- Location: 23°52′57″N 90°14′54″E﻿ / ﻿23.8825°N 90.2482°E Jahangirnagar University, Savar, Dhaka, Bangladesh
- Date: January 9, 2012; 14 years ago c. 12:00 am — 5:00 am (UTC+6)
- Target: Zubair Ahmed
- Attack type: Murder
- Perpetrators: See the § List of accused section
- No. of participants: 14
- Motive: Power struggle

= Murder of Zubair Ahmed =

2012 murder in Dhaka, Bangladesh

The murder of Zubair Ahmed took place on 9 January 2012, at Jahangirnagar University in Savar, Bangladesh. Zubair Ahmed, a student of the university’s English Department, was attacked by members of the Bangladesh Chhatra League (BCL) during a conflict between rival factions of the organization. He later succumbed to his injuries.

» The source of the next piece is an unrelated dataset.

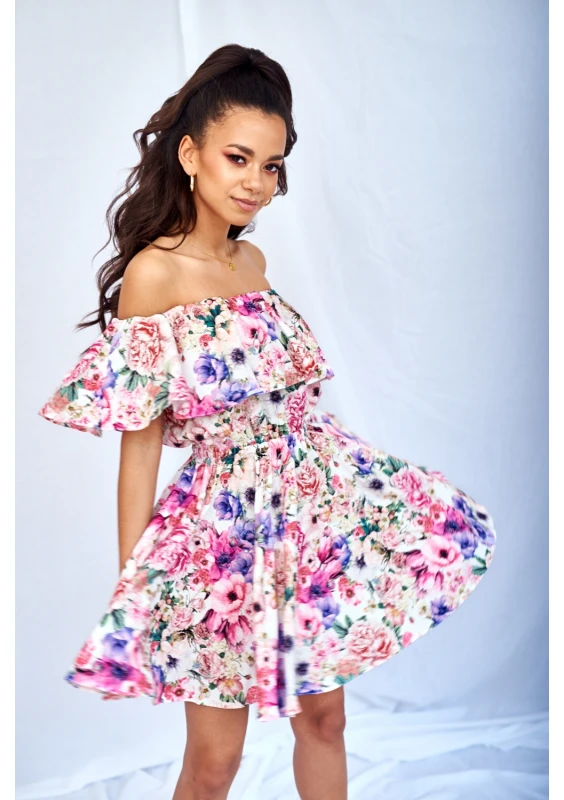 SUKIENKA SUMMER FLOWERS Z FALBANĄ

Thirteen BCL members were charged in connection with the murder. In 2015, five were sentenced to death, and six received life imprisonment. The university also took disciplinary action against several students involved.

== Background ==
Zubair Ahmed was a second-year student in the English Department at Jahangirnagar University, belonging to the 37th batch. He was a residential student of Bangabandhu Sheikh Mujibur Rahman Hall and was originally from Kalapara Upazila of Patuakhali District.

Prior to the incident, Ahmed was associated with a faction of the Bangladesh Chhatra League (BCL) led by Rashedul Islam Shafin, former president of the suspended hall committee. In early 2011, tensions escalated between factions within BCL following an anti-terrorism rally.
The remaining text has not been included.